Fatwa Syaikh Muhammad bin Shalih Al-‘Utsaimin rahimahullah

Ada yang mengatakan hasad itu berarti berangan-angan hilangnya nikmat Allah dari diri orang lain.
Ada lagi yang mendefinisikan hasad yaitu membenci nikmat yang Allah berikan kepada oranglain.
Definisi pertama masyhur dikalangan para ulama. Adapun yang kedua, definisi yang ditetapkan Syaikhul Islam Ibnu Taimiyyah rahimahullah. Semata-mata lantaran rasa benci atas nikmat yang Allah karuniakan kepada seseorang maka bisa dianggap hasad,  sementara hasad hukumnya haram. Karena Nabi shallallahu’alaihi wasallam melarangnya.
Hasad termasuk karakter  yahudi. Mereka dengki kepada manusia yang diberi keutamaan Allah.

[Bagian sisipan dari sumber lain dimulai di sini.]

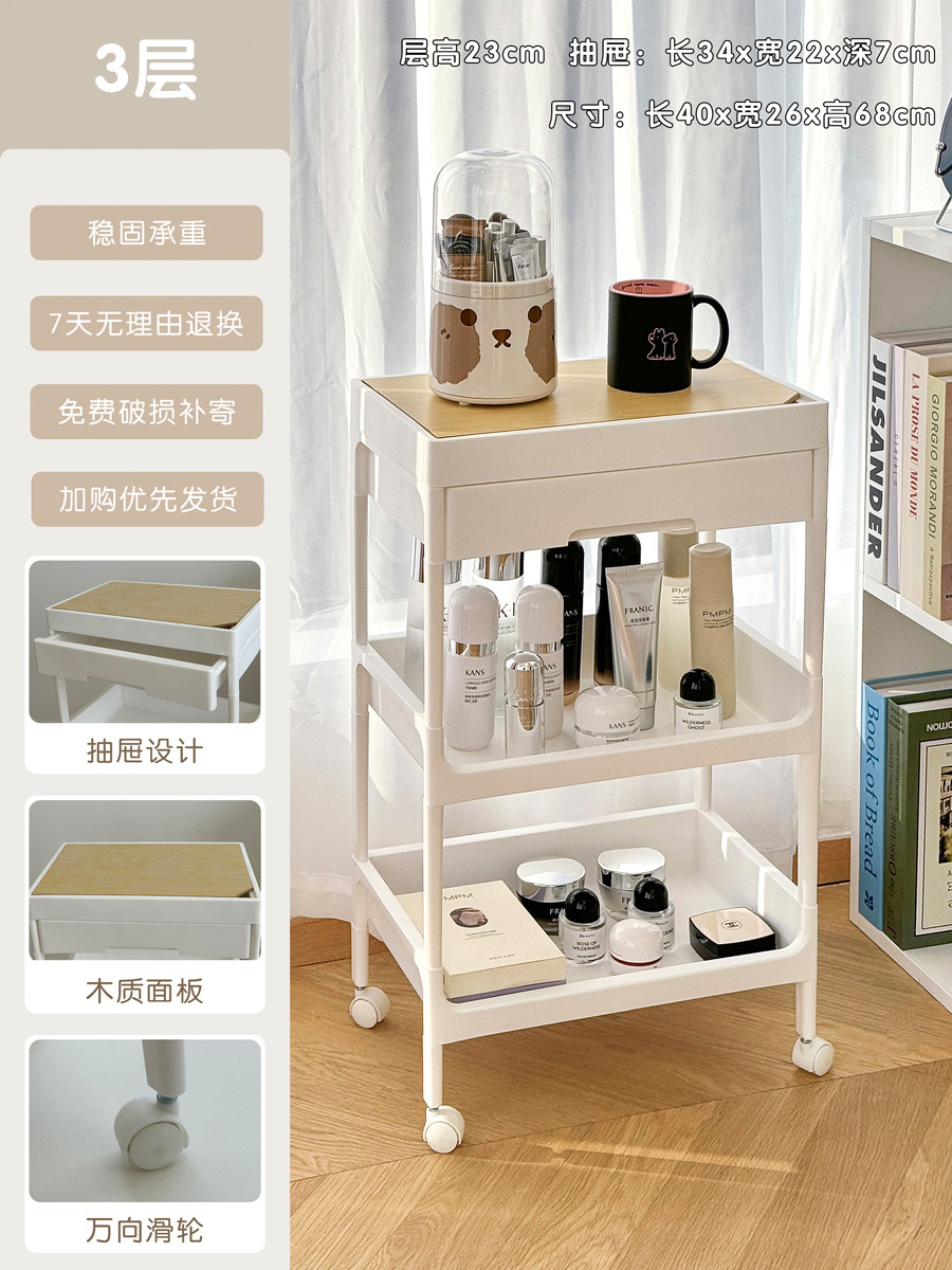 • [럭셔리 업그레이드 모델 - 냄새 없음] 원목 상판 카트 - 서랍 포함 3단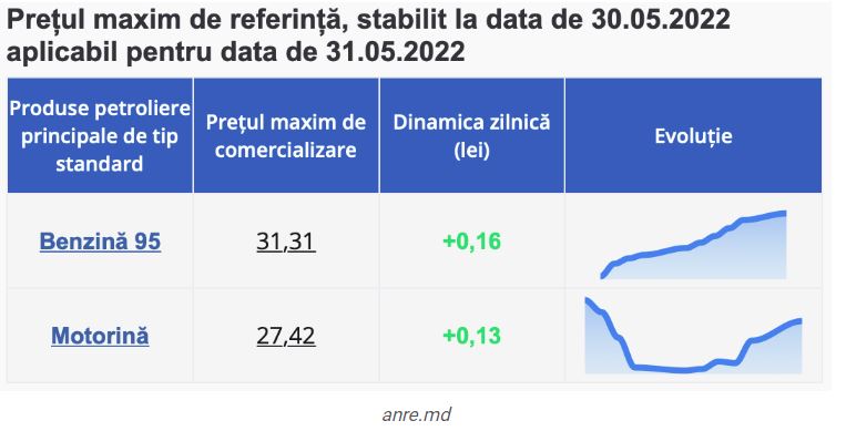 Pe 31 mai, carburanții se scumpesc din nou. Un litru de benzină va fi cu 16 bani mai scump, iar cel de motorină – cu 13. Datele au fost prezentate de Agenția Națională pentru Reglementare în Energetică (ANRE).

Hasad memiliki banyak bahaya:

1. Merasa keberatan dan tidak ridha dengan ketetapan dan takdir Allah Azza wa Jalla. Karena orang yang hasad membenci nikmat yang Allah berikan kepada orang yang di-hasad-i.

2. Orang hasad akan selalu merasa gelisah, terbakar dan jengkel. Karena nikmat Allah kepada hambaNya tidak terhitung. Setiap kali ia melihat nikmat orang lain timbullah hasad pada dirinya dan membenci nikmat tersebut. Tidak ada pilihan kecuali ia senantiasa berada dalam kegalauan. Demikianlah keadaan orang yang hasad –waliyyadzubillah-.

3. Umumnya orang yang hasad membenci orang yang di-hasad-i. Iapun berusaha menyembunyikan nikmat Allah kepada orang tersebut atau bahkan berusaha menghilangkan nikmat tersebut. Maka terkumpullah rasa hasad dan permusuhan.

4. Orang hasad menyerupai kebiasaan yahudi yang merasa hasad dengan pemberian kutamaan Allah kepada orang lain.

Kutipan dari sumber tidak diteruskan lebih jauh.